§ **Problem statement**: From the line below containing "Eloquii Maxi Dress" to the final line, print each line exactly as written. No pictures belong in the copy.

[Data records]

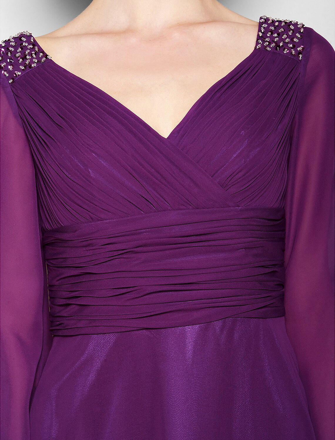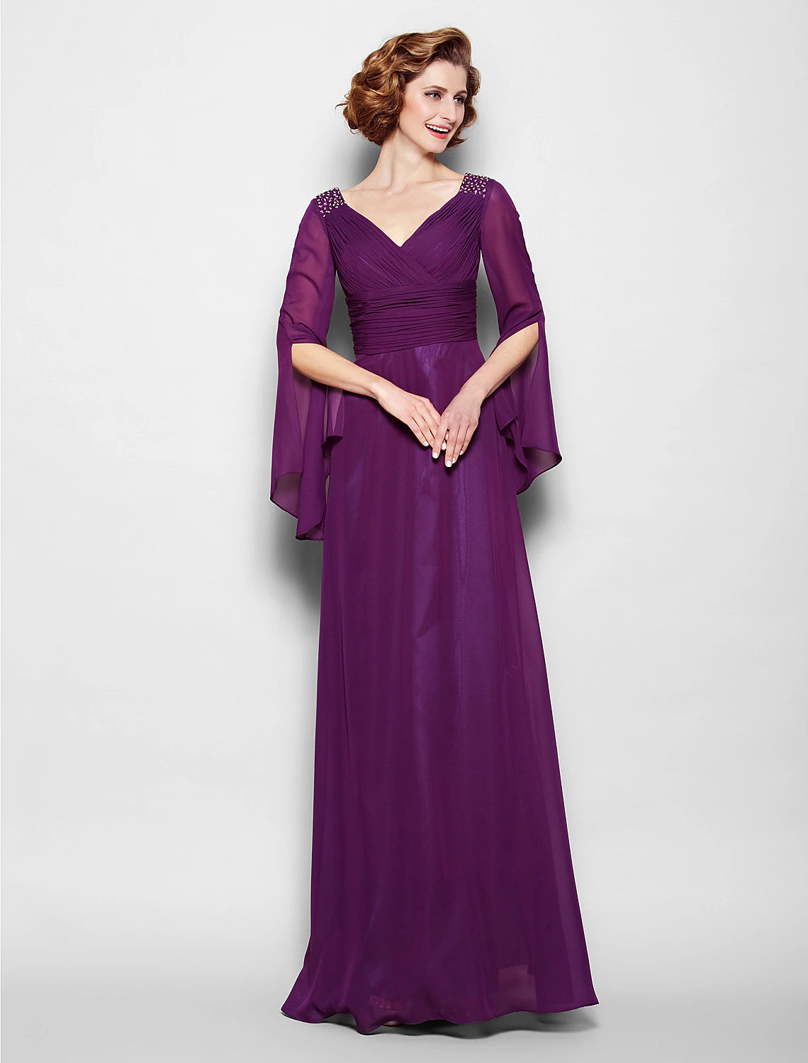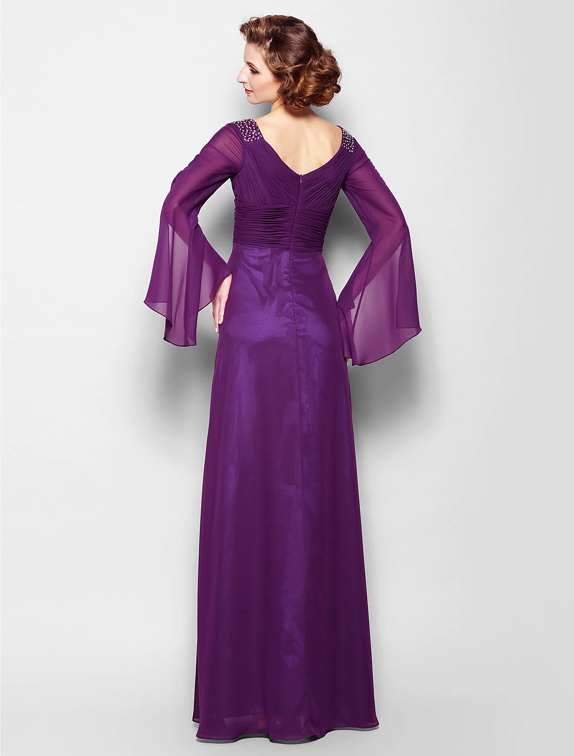 A-Line Mother of the Bride Dress Vintage Inspired V Neck Floor Length Chiffon Long Sleeve No with Criss Cross Ruched Beading
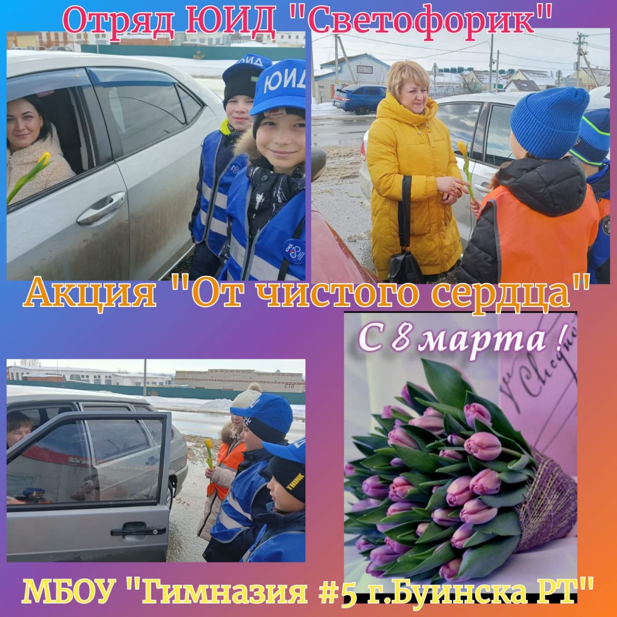 Опубликовано: 08.03.2023Сегодня, 8 марта 2023 года, отрядовцы ЮИД "Светофорик" (учащиеся 3 "б" класса) поздравили автоледи с праздником весны, пожелали безопасных дорог и вручили тюльпаны.
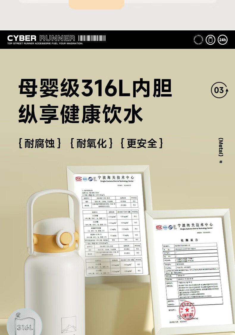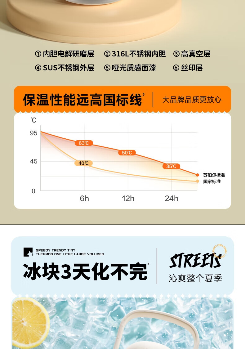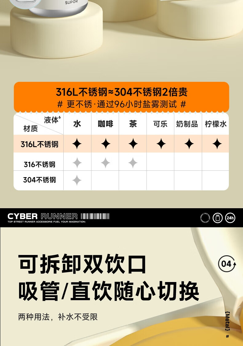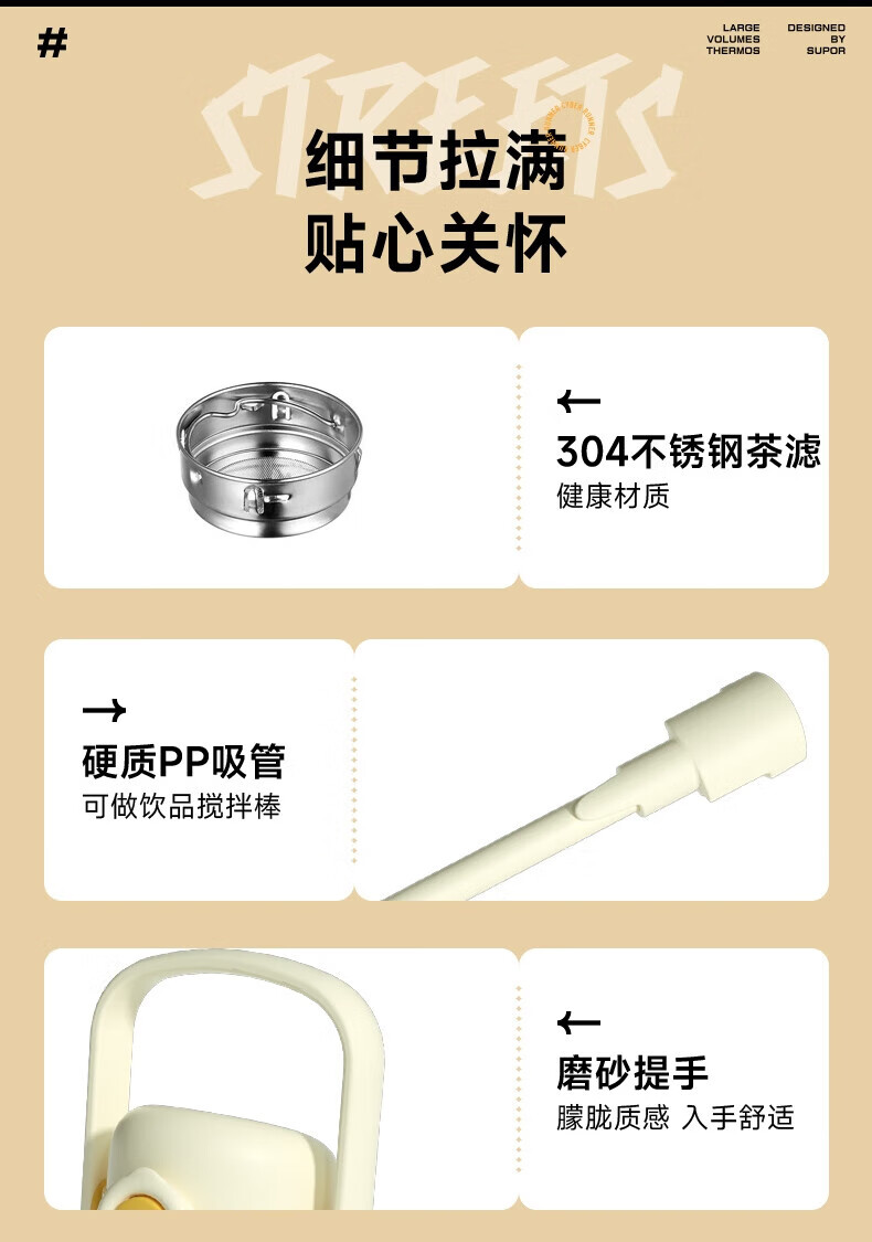 • 商品名称:苏泊尔/SUPOR KCV10AD20 苏泊尔(SUPOR)保温杯大容量男女户外露营便携茶杯316不锈钢手提水杯子KCV10AD20 KCV10AD20
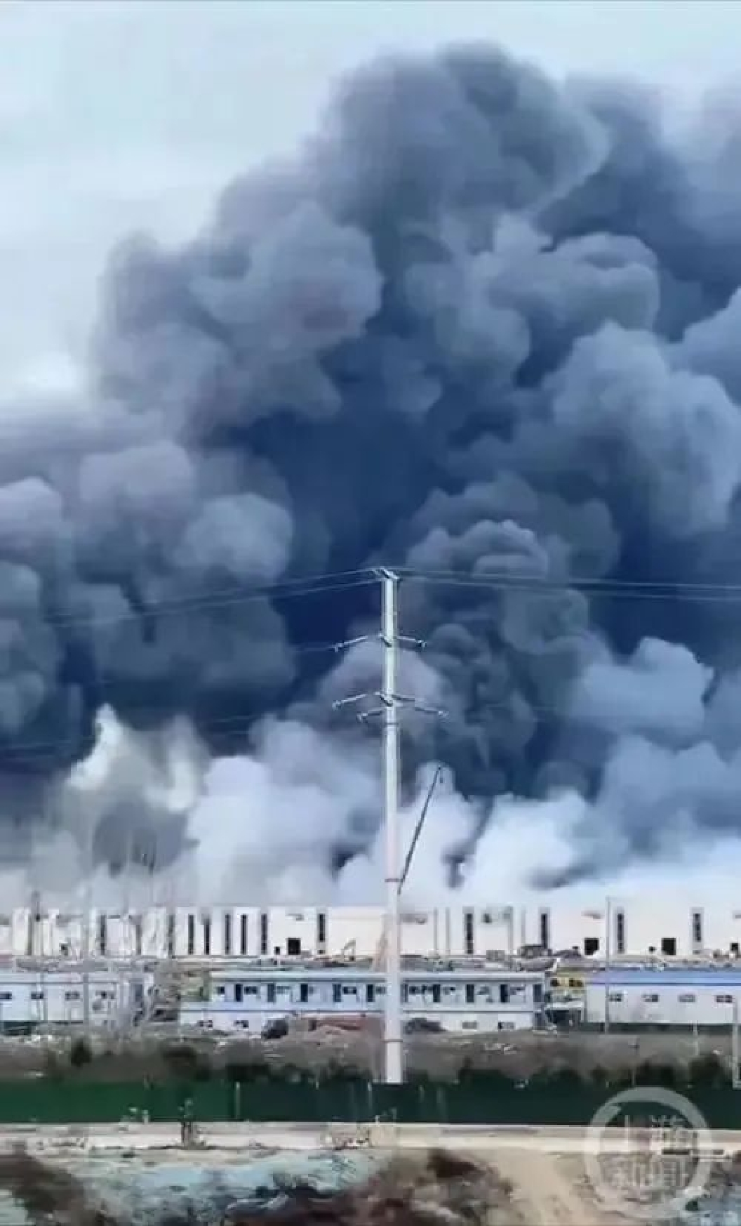 工地起火后,廠區上空彌漫著大量黑煙,現場還有大量濃煙從廠房中竄出。
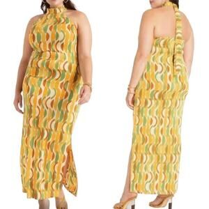 Eloquii Maxi Dress Groovy 70's Funky Sunrise Cabana Halter, size 14
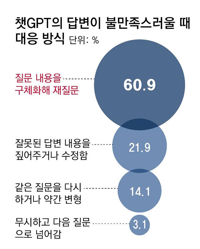 챗GPT 같은 생성형 AI 모델들로부터 원하는 수준의 답변을 얻지 못할 경우 사용자들은 어떻게 대응할까? 많은 사용자는 질문을 좀 더 자세하게 작성하여 다시 물어보거나, AI 모델의 답변 중에 부정확한 부분을 짚어주는 적극적인 반응을 보였다.
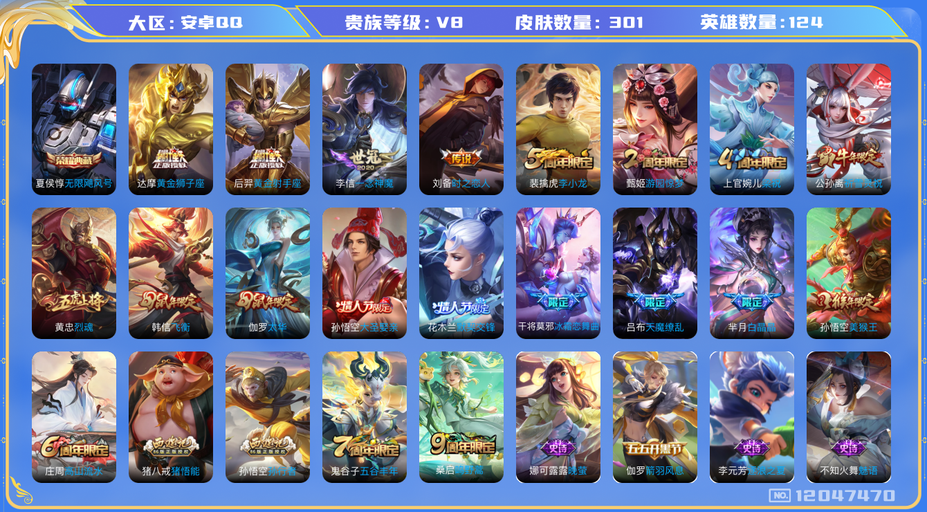 [12047470]【商品标题】:安卓Q-V0-永恒钻石II段位-124英雄-301皮肤-1典藏-0珍品无双-0无双-0珍品传说-9传说-80史诗
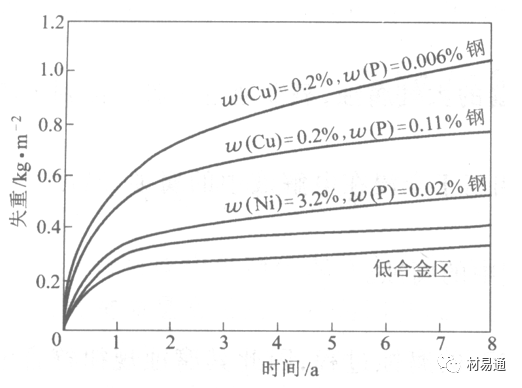 1)提高金属材料的耐蚀性 在碳钢中加入Cu、P、Cr、Ni及稀土元素可提高其耐大气腐蚀性能。例如,美国的Cor-Ten钢(Cu-P-Cr-Ni系低合金钢),其耐大气腐蚀性能为碳钢的4~8倍。

§ **Finished task**:
 Eloquii Maxi Dress Groovy 70's Funky Sunrise Cabana Halter, size 14
 챗GPT 같은 생성형 AI 모델들로부터 원하는 수준의 답변을 얻지 못할 경우 사용자들은 어떻게 대응할까? 많은 사용자는 질문을 좀 더 자세하게 작성하여 다시 물어보거나, AI 모델의 답변 중에 부정확한 부분을 짚어주는 적극적인 반응을 보였다.
 [12047470]【商品标题】:安卓Q-V0-永恒钻石II段位-124英雄-301皮肤-1典藏-0珍品无双-0无双-0珍品传说-9传说-80史诗
 1)提高金属材料的耐蚀性 在碳钢中加入Cu、P、Cr、Ni及稀土元素可提高其耐大气腐蚀性能。例如,美国的Cor-Ten钢(Cu-P-Cr-Ni系低合金钢),其耐大气腐蚀性能为碳钢的4~8倍。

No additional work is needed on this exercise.